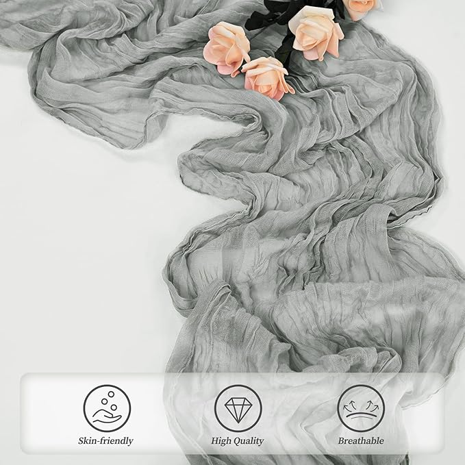 - Cheesecloth Table Runner Size: You will receive 12 gray cheesecloth tablerunner, each measuring 20 x 120 inches. The quantity is sufficient for you to decorate various romantic occasions. It can decorate most shaped tables, such as rectangular tables, round tables, and cocktail tables. It is long enough to decorate a large table and be placed perfectly and elegantly on the tabletop, adding a romantic atmosphere to your occasion.
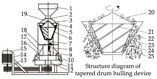 Structure diagrams of peanut sheller with vertical tapered drum. Reprinted with permission from ref. [64]. Copyright 2019 Shenyang Agricultural University. Key: 1—feeding hopper; 2—flow regulation plate; 3—upper cover; 4—gap adjustment connecting disc; 5—conical grid sieve; 6—cone roller; 7—output shaft; 8—coupling; 9—reducer; 10—output mouth; 11—fan box; 12—discharge port; 13—transmission belt; 14—racks; 15—motor; 16—segregated bin; 17—deflector plate; 18—aggregate silo; 19—evenly distributed manifold; 20—evenly distributed cone; 21—hulling rib strip; 22—cone roller; 23—cone sieve; 24—peanut pods; 25—extrusion.
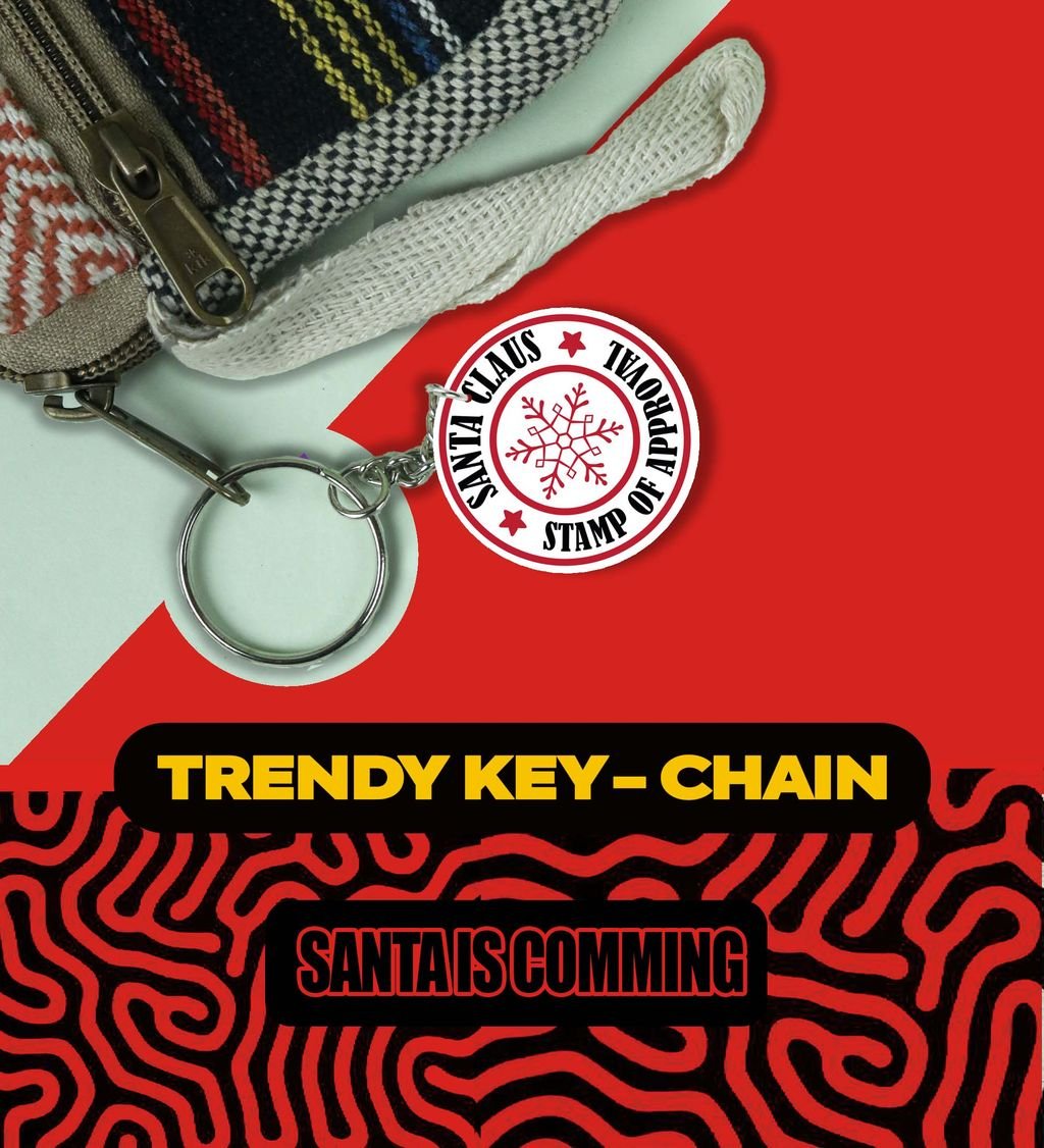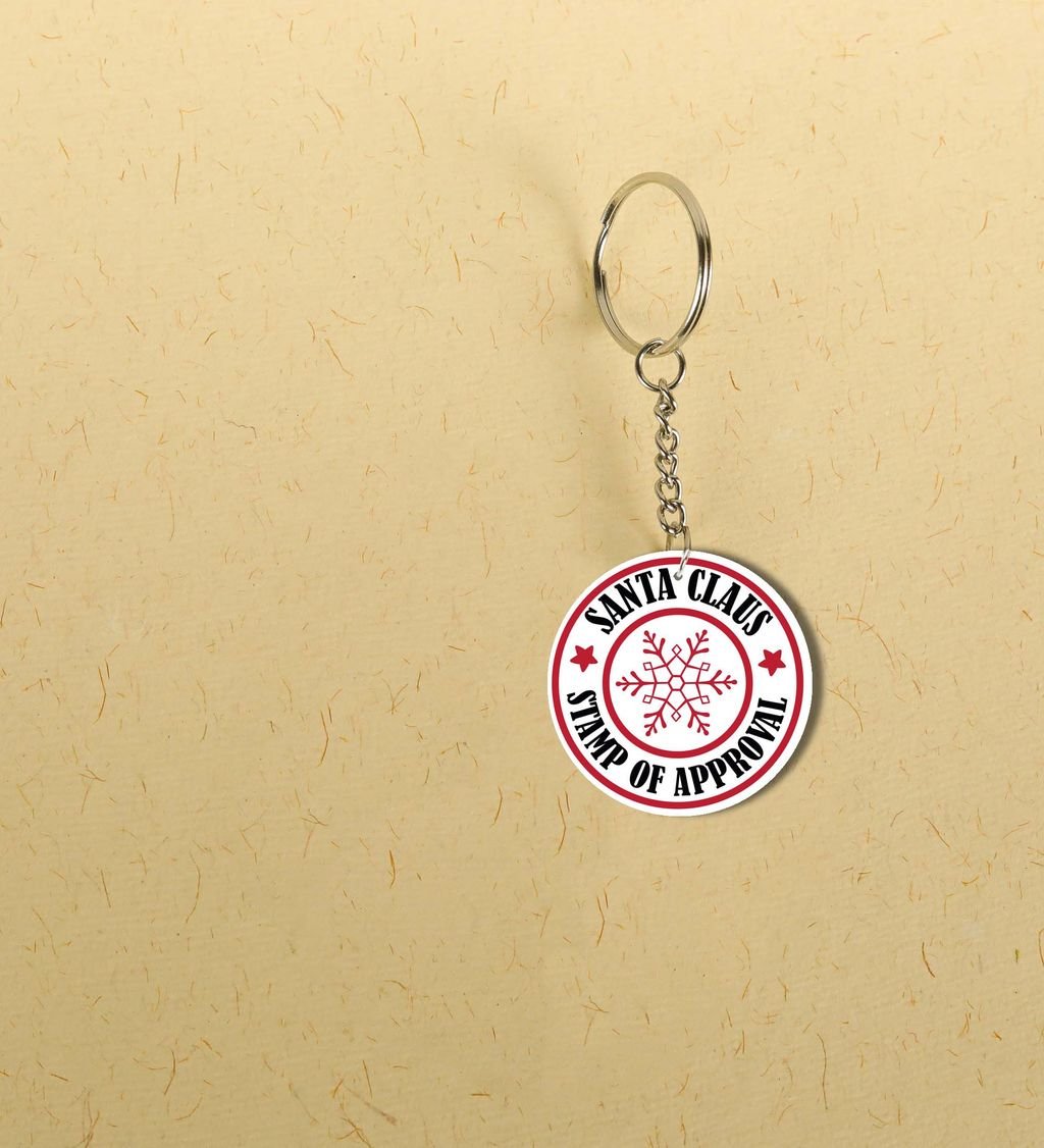 Trendy Christmas Accessory for Merry Vibes Santa Edition Printed Round Keychain Pack of 2.
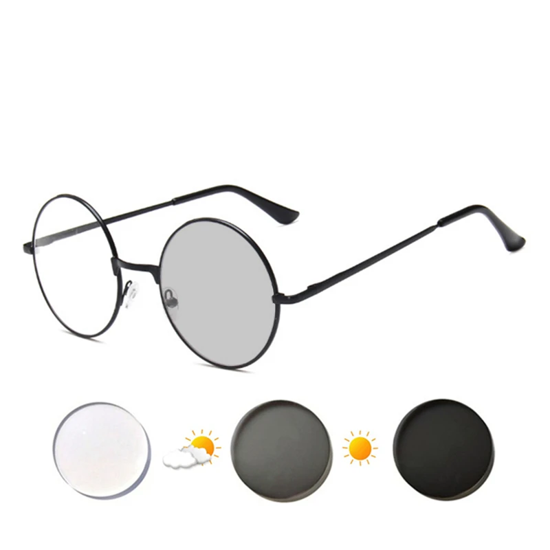 Фотохромные с защитой от синего излучения Рецептурные очки для близоруких-0,5 до-10 для мужчин и женщин, сплав, круглая оправа, близорукость, астигматизм F178
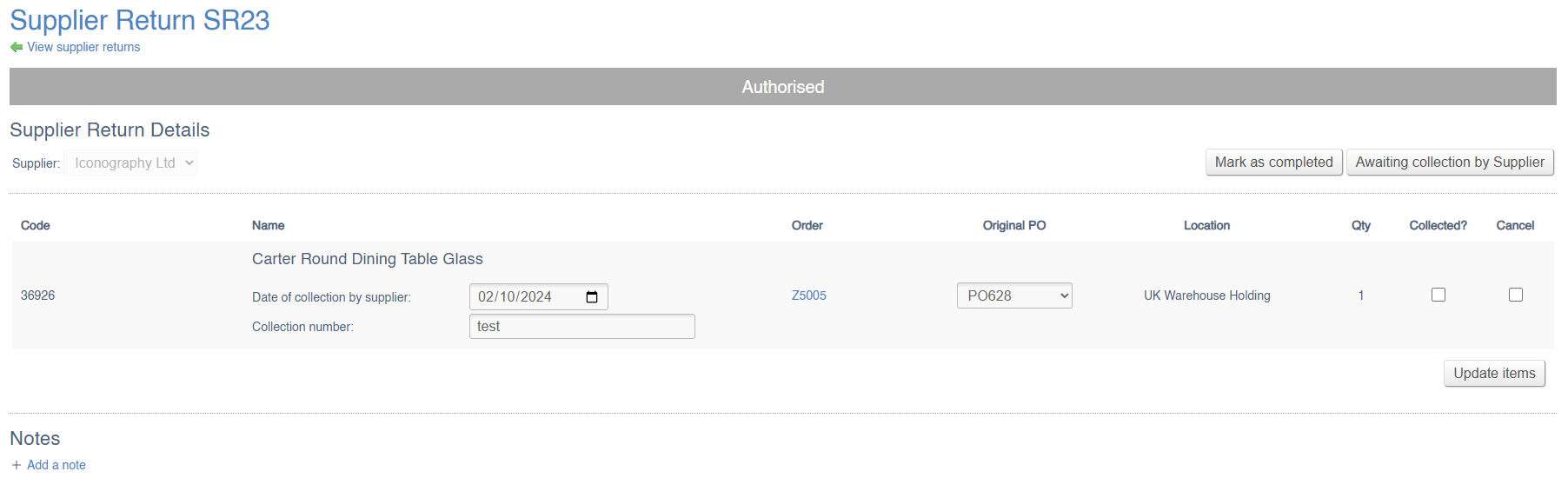 Use the tick boxes to process the Supplier Return line item (it is possible to have multiple items on a single Supplier Return)

## WHAT YOU ARE ASKED TO DO:
Please set down, exactly and with nothing added, the lines from the line with "Фотохромные с защитой" to the end of the entries above, omitting pictures.

## RESULT:
 Фотохромные с защитой от синего излучения Рецептурные очки для близоруких-0,5 до-10 для мужчин и женщин, сплав, круглая оправа, близорукость, астигматизм F178
 Use the tick boxes to process the Supplier Return line item (it is possible to have multiple items on a single Supplier Return)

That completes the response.